# Optimizing trees: balancing the variance

With a C++-version of the lsb_clearing algorithm described in _optimal_tree.ipynb_, we ran a simulation of a cluster with 256 ranks across all datasets, varying the allowed variance from a fair distribution in steps of 0.001. These are the results:

In [19]:
%matplotlib notebook
import csv
import matplotlib.pyplot as plt
from matplotlib.offsetbox import AnchoredText
from math import log2
from scipy.stats import linregress
import numpy as np

variances = None
with open('variances.csv') as f:
    r = csv.reader(f)
    variances = [(datafile, int(n), float(variance)) for datafile, n, variance in r]

fig, ax = plt.subplots()
    
x = list(map(lambda k: log2(k[1]), variances)) # n
y = list(map(lambda k: k[2], variances)) # optimal variance
plt.scatter(x, y)
plt.ylabel('Index variance that produced optimal score')
plt.xlabel('Dual logarithm of the number of summands')

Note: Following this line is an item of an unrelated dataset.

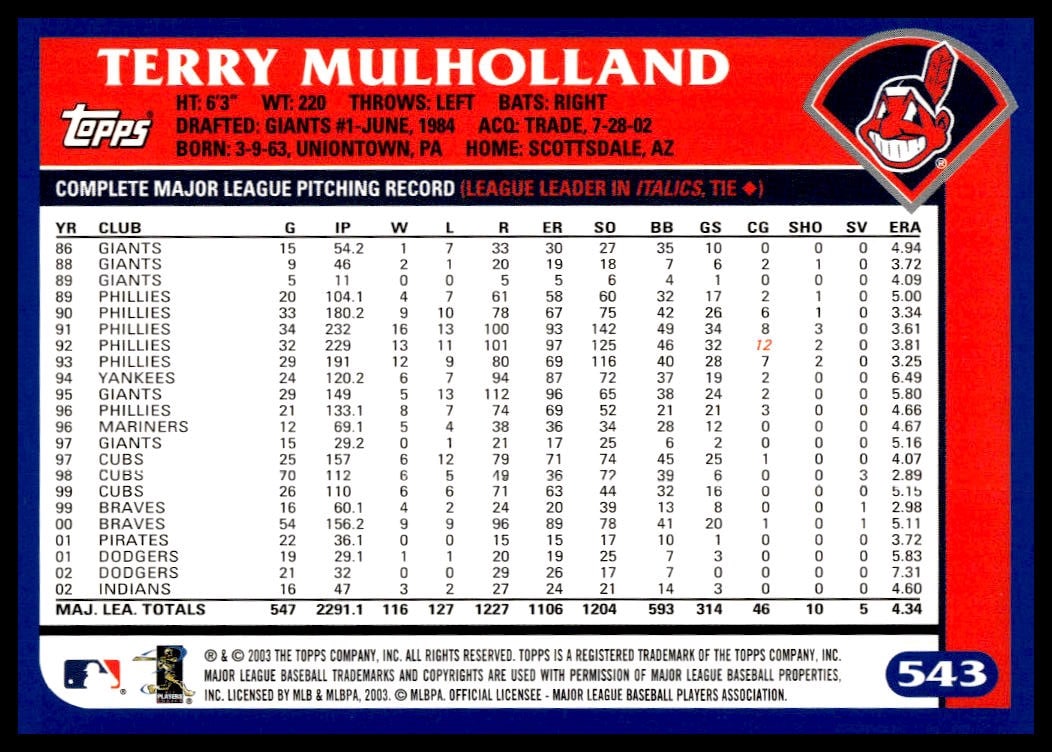 This Baseball card, from 2003 is part of the Topps  card set. Terry Mulholland is featured and has a card number of 543.

gradient, intercept, r_value, p_value, std_err = linregress(x, y)
x1 = np.linspace(min(x), max(x), 50)
y1 = gradient * x1 + intercept
plt.plot(x1, y1)
at = AnchoredText(f"r = {r_value}\nstderr = {std_err}", loc='lower right', frameon=False)
ax.add_artist(at)

plt.show()

<IPython.core.display.Javascript object>

There seems to be a positive correletion between the size of the dataset and the optimal index variance, which is expected since larger datasets
are mostly computationally bounded and the communication overhead becomes negligibly.

The two outliers where even with a low number of summands the initial distribution mostly without any optimizations was accepted are the datasets _multi100_ and _354_. Their n equals 767 and 460 respectively, and one could argue that with such a lower amount of calculations per rank any distribution optimization is unnecessary since the baseline algorithm (Gather, Accumulate, Broadcast) provides a much faster alternative.

This gives raise to the following heuristic: with smaller dataset allow a larger variance in the distribution of numbers.